87 subjects (62 cognitively normal (CN) (23% ε4+) and 25 MCI (48% ε4+); 23M/64F; age: 63.9±7.7) underwent baseline brain MRI exams as part of several on-going studies related to within the Wake Forest AD Center, including multiple inversion time pseudo-continuous ASL to estimate voxel-wise whole brain CBF and ATT in white and gray matters using a partial volume correction4 and DTI (30 directions with b=1000) to estimate diffusion parameters including ones from a crossing fiber model. All ASL images were co-registered to T1 weighted structural images and normalized into a study specific template. Age, Sex, and BMI were adjusted and a 2-way ANOVA was performed for each voxel. A minimum cluster size of 450 voxels (3.6cm3) was determined with p<0.05 and α=0.05. A single ROI (size of 10.7cm3), which is located mainly in left sub-lobar region and extending over medical temporal and parietal lobes (see Figure 1), showed the significant hypo-perfusion region in the APOE ε4 carrier group. The hypo-perfusion cluster in the study specific template was transformed into each subject’s DTI space to compute mean values of DTI metrics. Age, Sex, and BMI were adjusted on the mean DTI metrics across subjects and a 2-way ANOVA was performed for group comparison.

Results

APOE ε4 carriers showed reduced CBF in a white matter cluster and the group without ε4 Allele showed a trend of compensatory increased blood flow in MCI while that with ε4 Allele had impaired blood flow as shown in Table I and Figure 2. In the region, diffusivity parameters, particularly mean and axial diffusivity, showed a trend of lower diffusivity in APOE ε4 carriers (upper plots in Figure 3): p=0.161 for mean diffusivity and p=0.074 for axial diffusivity. The mode of diffusivity reflecting the shape of diffusion tensor from linear (1) to planar (-1) represented a similar trend as CBF and the secondary FA showed the opposite pattern (lower plots in Figure 3).

Discussion

Lower CBF and shortened ATT may represent possible vascular impairment, such as vessel narrowing or stiffness, in the location among APOE ε4 carriers and the affected perfusion may alter diffusion characteristics.

Lower diffusivity in the left parietal and medical temporal regions may relate to impaired blood flow and, therefore, lower blood volumes. To further investigate the relationship between diffusivity and structural volume, structural morphometry in the affected white matter may provide additional analytic measures for volume adjusted diffusivity. And structural morphometry of hippocampus, in addition, is of interest in that it may provide an indication that the hypo-perfusion and diffusion metric differences may precede hippocampal atrophy.

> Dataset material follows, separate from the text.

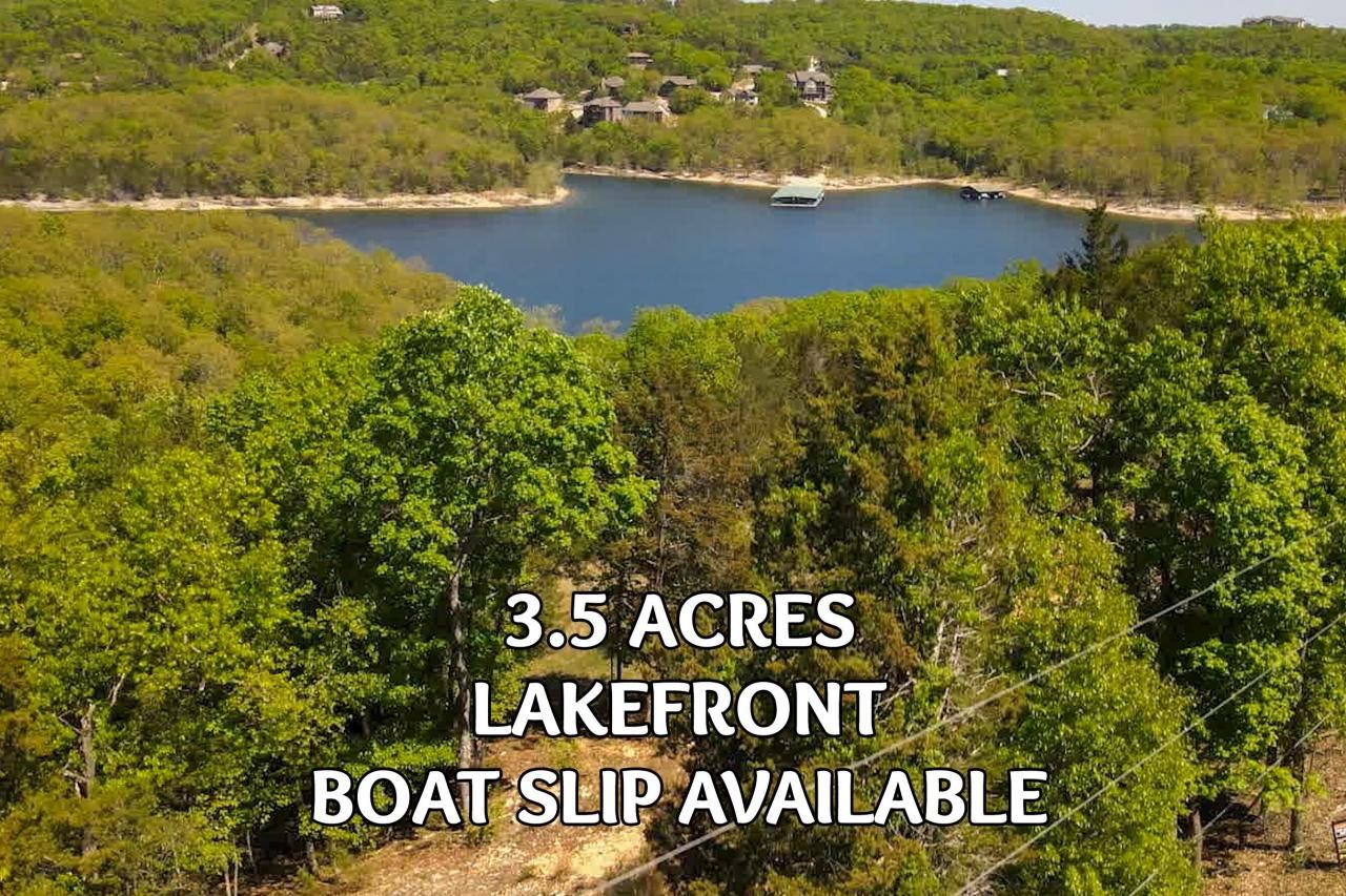 Lakefront 3.5-acre lot with lake view and boat slip available for extra. The lot features a moderate slope that allows for walkout basement home and walk-down access to the shoreline of beautiful Table Rock Lake. Plus, it's located next door to Lake Forest Hills subdivision where million dollar plus homes are being built or have recently been completed. Parcel is zoned RR-1 by Stone County Planning and Zoning but there are no other restrictions. Several boat slip options are available nearby and located off Waterfield Dr and Scottsdale Circle. Great convenient location just 4 miles from Business 13 and Branson West shopping. It's time to take the next step toward building your dream lake place. Check this out.

The hypo-perfusion pattern, a trend of compensatory increased blood flow in the group without ε4 Allele and MCI but impaired blood flow for those with ε4 Allele and MCI, was found in the measure of mode of diffusivity, which represents a transition from more linear to more planar shape of the diffusion tensor in white matter. It may reflect a disorganization of the crossing white matter tracts but it is still unclear that the FA measured in the secondary crossing fiber represents the opposite pattern. More precise WM Tract based normalization would allow to segment the effected WM region into single and crossing fiber regions and the separate analysis in the regions may provide better explanation of this relationship.

Conclusion

In this small pilot study sample, trends of reduced diffusivity and mode of anisotropy and elevated secondary FA were observed among APOE ε4 carriers in the hypo-perfusion region in white matter but did not differ by cognitive status. These data may suggest evidence of that a perfusion abnormality among APOE ε4 carriers may precedes the disruption of white matter integrity in the group.

Acknowledgements

Wake Forest Alzheimer's Disease Core Center supported by NIH (P30AG049638)

References

1. Bonte FJ, Ross ED, Chehabi HH, Devous Sr MD. SPECT study of regional cerebral blood flow in Alzheimer disease. Journal of Computer Assisted Tomography. 1986;10(4):579-83.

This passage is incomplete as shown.